The Supreme Court reversed the judgment of the Ninth Circuit – which conflicted with holdings by the Sixth and Seventh Circuits – noting that there was no doubt that the payment of the pension benefits in this case was the function of a bona fide seniority system, and that such systems are given a certain degree of immunity from Title VII claims. Specifically, section 703(h) stipulates that “it shall not be an unlawful employment practice for an employer to apply different standards of compensation, or different terms, conditions, or privileges of employment pursuant to a bona fide seniority . . system . . provided that such differences are not the result of an intention to discriminate because of race, color, religion, sex, or national origin.. . .” Thus, the Court reasoned, benefit differentials produced by a bona fide seniority-based pension plan are permitted unless they are the results of an intent to discriminate. The Court explained that “[b]ona fide seniority systems allow, among other things, for predictable financial consequences, both for the employer who pays the bill and for the employee who gets the benefit. . . .[a]s § 703(h) demonstrates, Congress recognized the salience of these reliance interests and, where not based upon or resulting from an intention to discriminate, gave them protection.” The Court noted that the company’s seniority system was neither adopted with the intent to discriminate on the basis of sex, nor was it unlawful when adopted.

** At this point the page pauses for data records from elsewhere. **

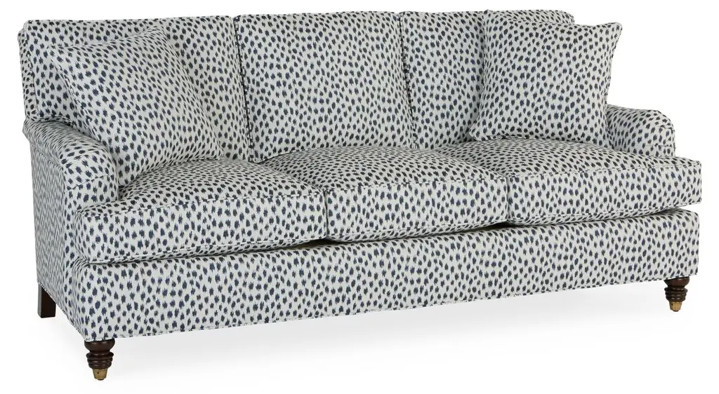Upholstered in beautifully patterned Sunbrella--a high-performance fabric that repels stains, spills, mold, and bacteria--this chic sleeper sofa is guaranteed to remain crisp and clean for years to come. Perfect for accommodating extra guests, it features a queen-size pullout mattress beneath its three amply padded seat cushions. Two matching throw pillows included. Handcrafted in the USA.
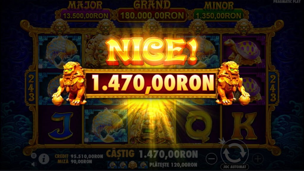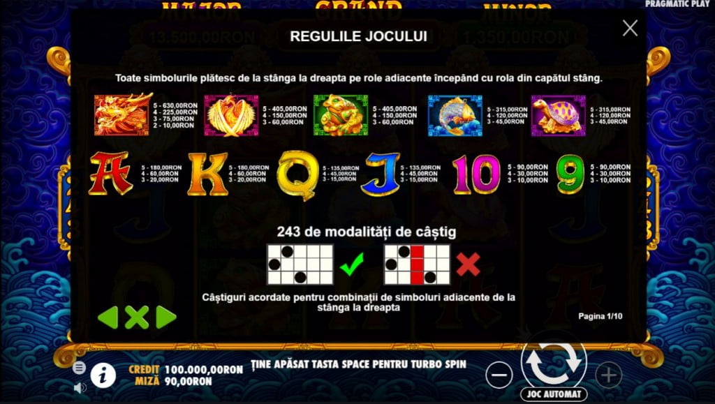 Dragonul plătește cel mai mult: miza x7 când apare de 5 ori pe ecran. Urmează pasărea phoenix, broasca, peștele și țestoasa. Simbolurile mici sunt cărțile de joc, de la 9 la A.
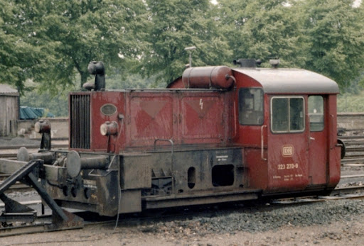 Photo 2148 : Köf II Br323 270-9, Photo de Sebastian Tuschick, à Flensburg 1982. Source : Sebtus.de.
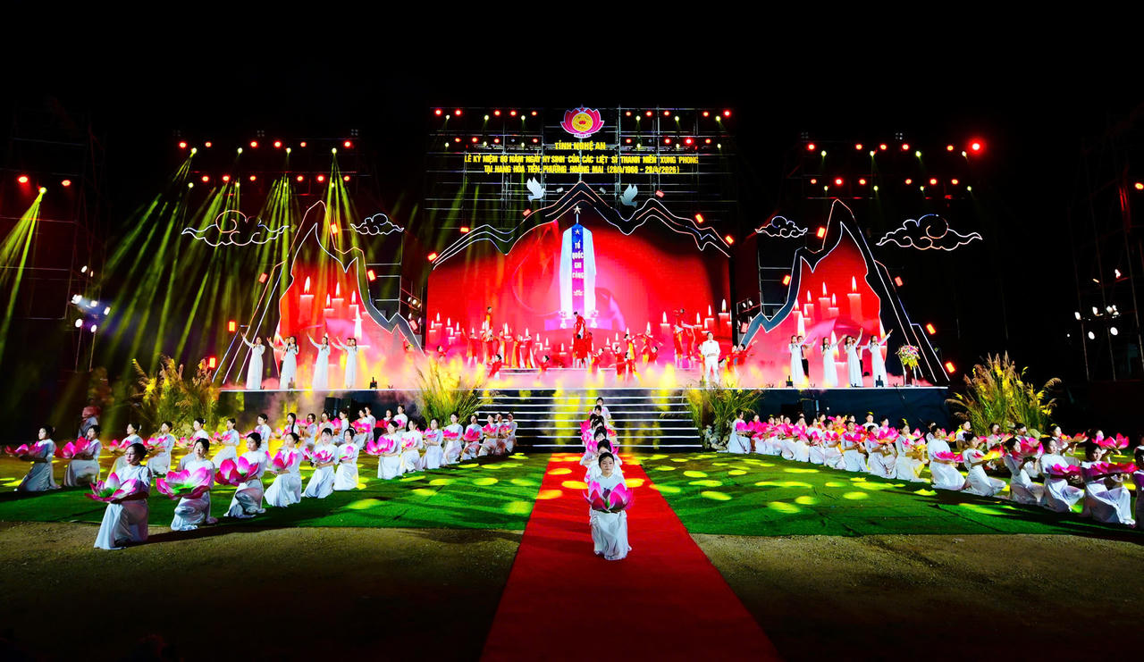 Tối 28/4/2026, tại Khu di tích Hang Hỏa Tiễn và Nghĩa trang liệt sĩ đường sắt, phường Hoàng Mai, UBND tỉnh Nghệ An long trọng tổ chức Lễ kỷ niệm 60 năm ngày hy sinh của 33 liệt sĩ Thanh niên xung phong tại Hang Hỏa Tiễn (28/4/1966 – 28/4/2026).
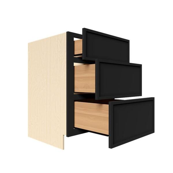 Slim Shaker 15 in. 3-Drawer Base Bath Vanity Cabinet without Top in Black Assembled
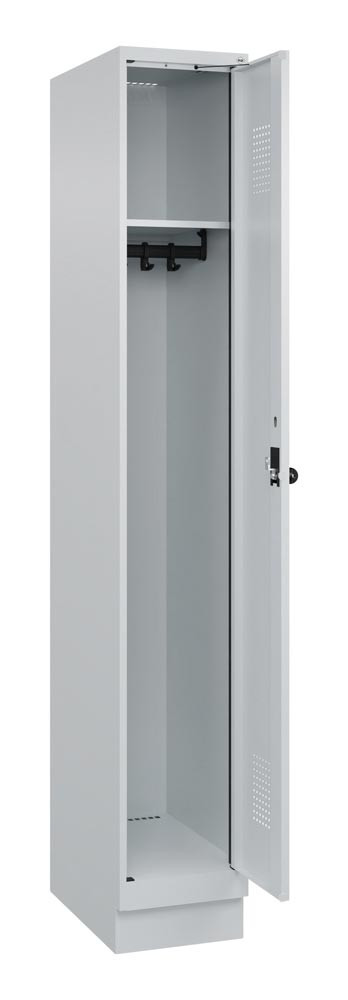 Garderobenschrank, Sockel, 1 Abteil, Abt.B 300 mm, Drehriegel, BxTxH 300x500x1950 mm, Farbwahl EP559695
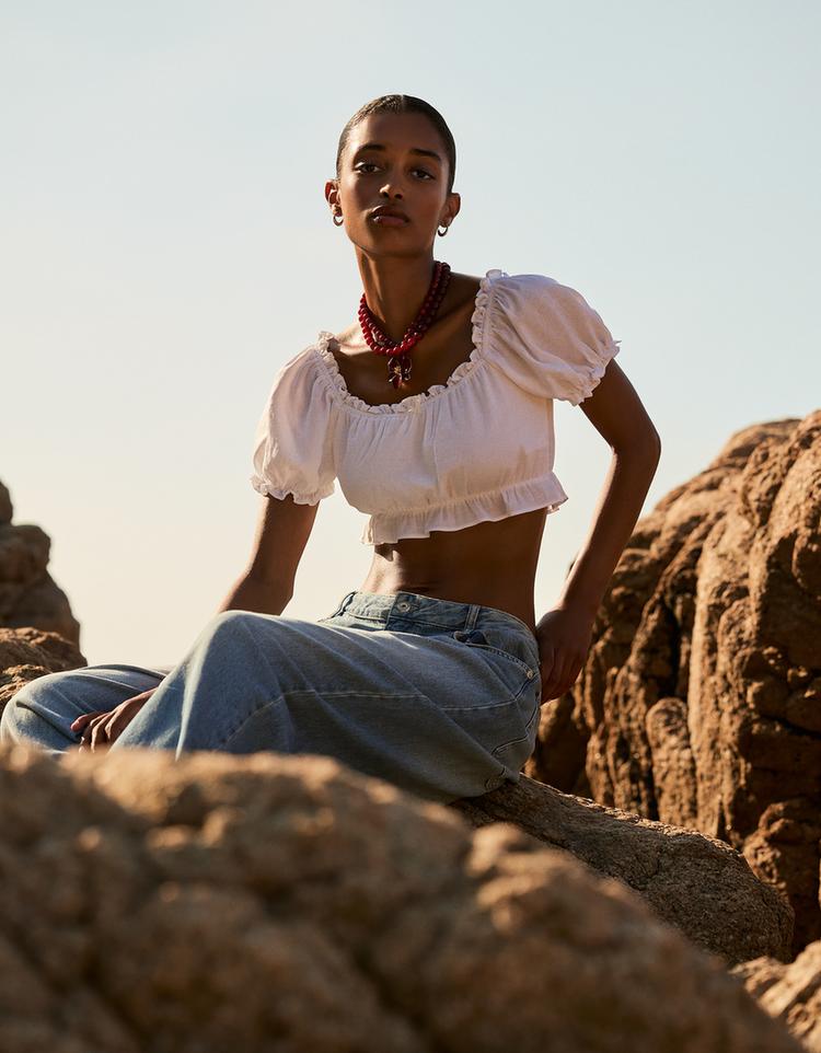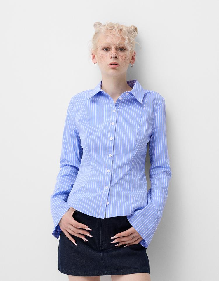 Fitted shirt with flared sleeves
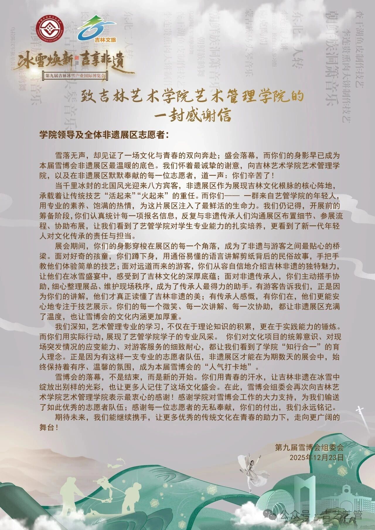 在现场6000平方米场地,176个非遗项目参展的庞大空间内,他们凭借饱满的工作热情和细致的服务,展现了出色的协调与执行能力,让非遗展区充满了温度与活力,把学校教育与艺术实践完美融合,得到了文旅厅领导、展会运营商、传承人及游客们的高度认可,同时也获得了第九届雪博会组委会来函致谢。
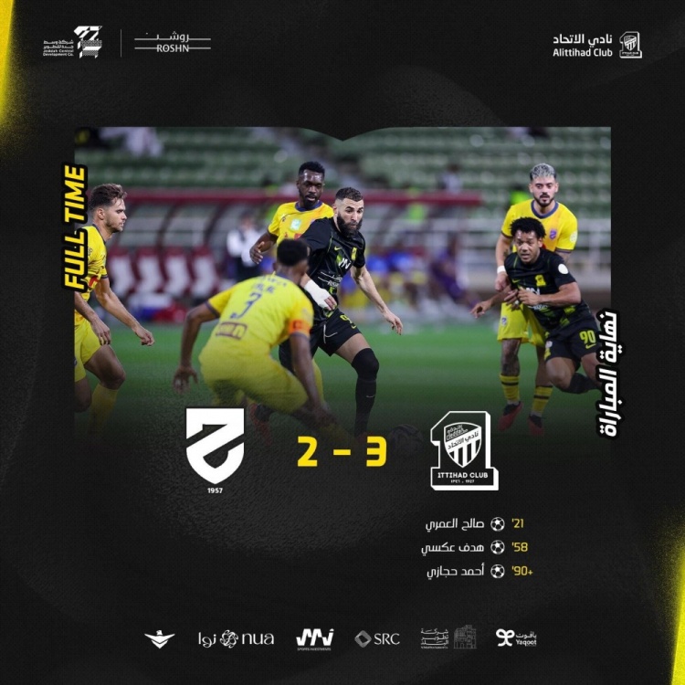 吉达联合首发:1-马约夫、26-赫加齐、30-阿尔穆萨(69'11-若塔)、15-卡德什、37-萨古尔克、33-奥拉扬、29-沙姆拉尼、77-阿姆里(90'22-哈马米)、90-罗马里尼奥(70'13-山凯蒂)、99-哈姆达拉、9-本泽马
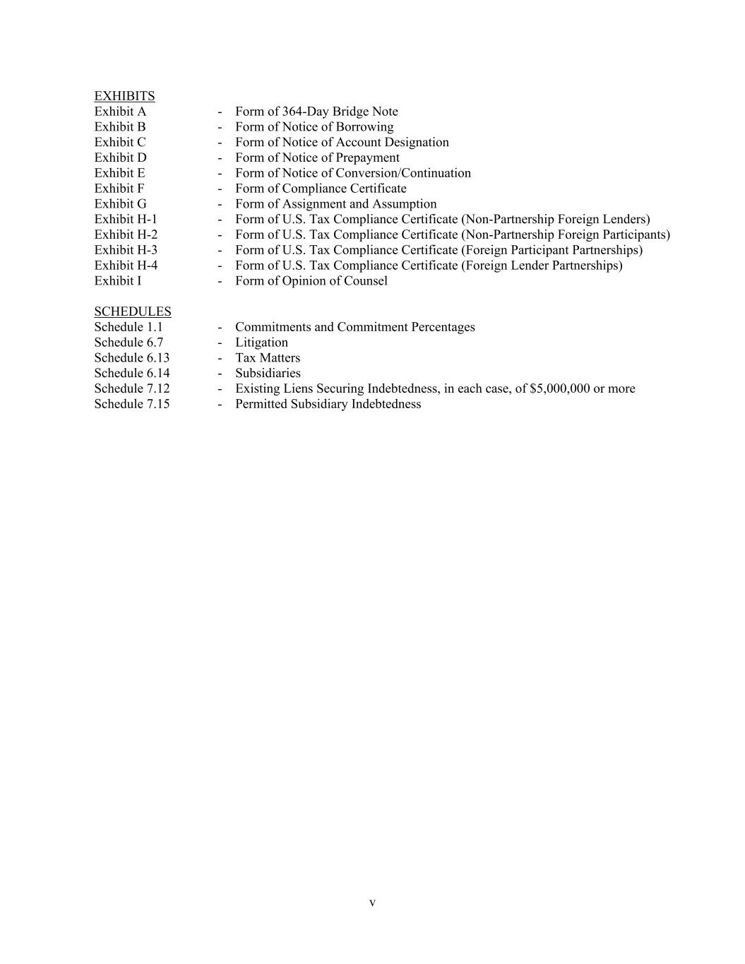 v EXHIBITS Exhibit A - Form of 364-Day Bridge Note Exhibit B - Form of Notice of Borrowing Exhibit C - Form of Notice of Account Designation Exhibit D - Form of Notice of Prepayment Exhibit E - Form of Notice of Conversion/Continuation Exhibit F - Form of Compliance Certificate Exhibit G - Form of Assignment and Assumption Exhibit H-1 - Form of U.S. Tax Compliance Certificate (Non-Partnership Foreign Lenders) Exhibit H-2 - Form of U.S. Tax Compliance Certificate (Non-Partnership Foreign Participants) Exhibit H-3 - Form of U.S. Tax Compliance Certificate (Foreign Participant Partnerships) Exhibit H-4 - Form of U.S. Tax Compliance Certificate (Foreign Lender Partnerships) Exhibit I - Form of Opinion of Counsel SCHEDULES Schedule 1.1 - Commitments and Commitment Percentages Schedule 6.7 - Litigation Schedule 6.13 - Tax Matters Schedule 6.14 - Subsidiaries Schedule 7.12 - Existing Liens Securing Indebtedness, in each case, of $5,000,000 or more Schedule 7.15 - Permitted Subsidiary Indebtedness
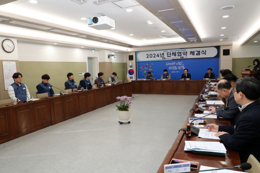 안동시와 안동시공무원노동조합은 12월 17일(화) 권기창 안동시장, 유철환 안동시공무원노동조합 위원장 등 노사 양측 교섭위원 18명이 참석한 가운데 ‘노사 단체협약’을 체결했다.
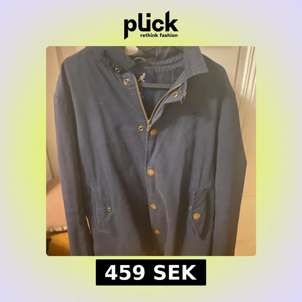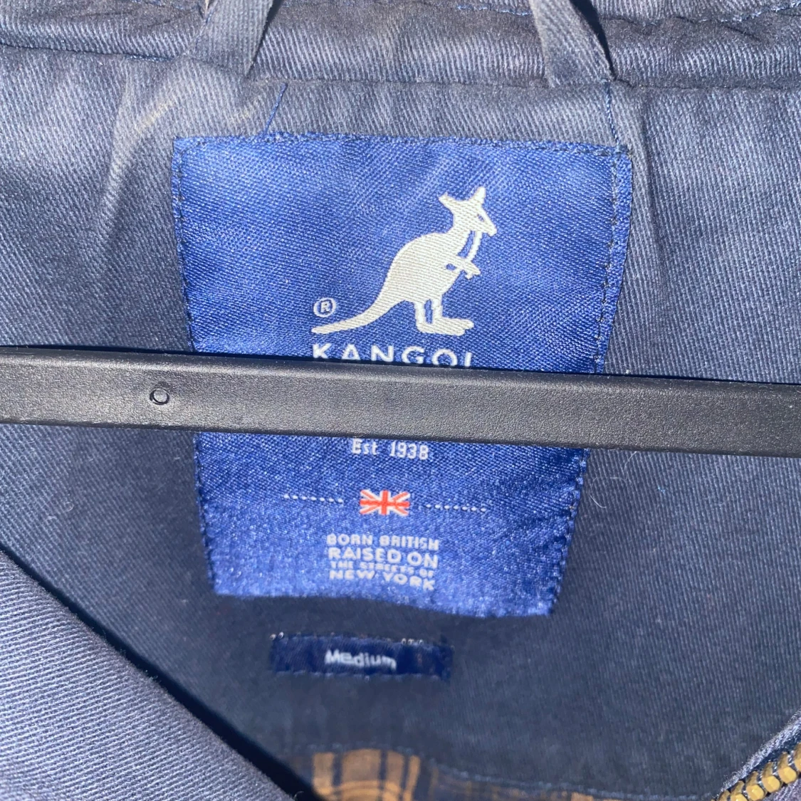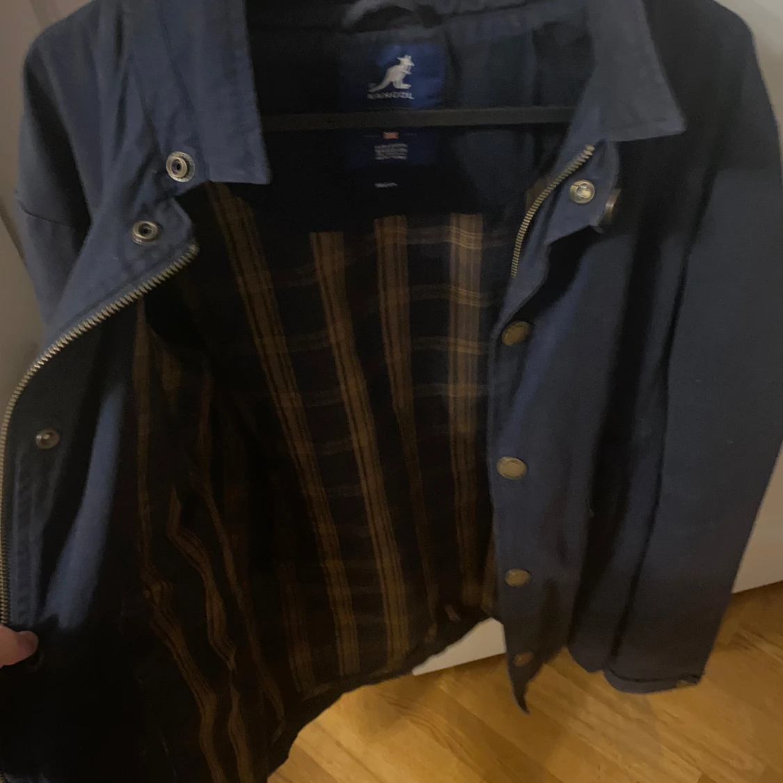 Säljer en stilren mörkblå jacka från Kangol med dragkedja och knappar. Jackan har en klassisk krage och två fickor framtill. Insidan är fodrad med ett rutigt mönster i bruna och beige toner.

The respondents, however, argued that the recently-enacted Lilly Ledbetter Fair Pay Act – which states, in relevant part, that “an unlawful employment practice occurs, with respect to discrimination in compensation . . . when an individual is affected by application of a discriminatory compensation decision or other practice, including each time wages, benefits, or other compensation is paid, resulting in whole or in part from such a decision or other practice” – supports their position that the benefits calculation is discriminatory. The Court disagreed, finding that since the company’s pre-PDA decision not to award the employee service credit for pregnancy leave was not discriminatory, the respondents were not therefore “affected by the application of a discriminatory compensation decision or other practice.”

Justice Souter delivered this opinion, which was decided by a vote of 7-2, with Justices Ginsburg and Breyer dissenting.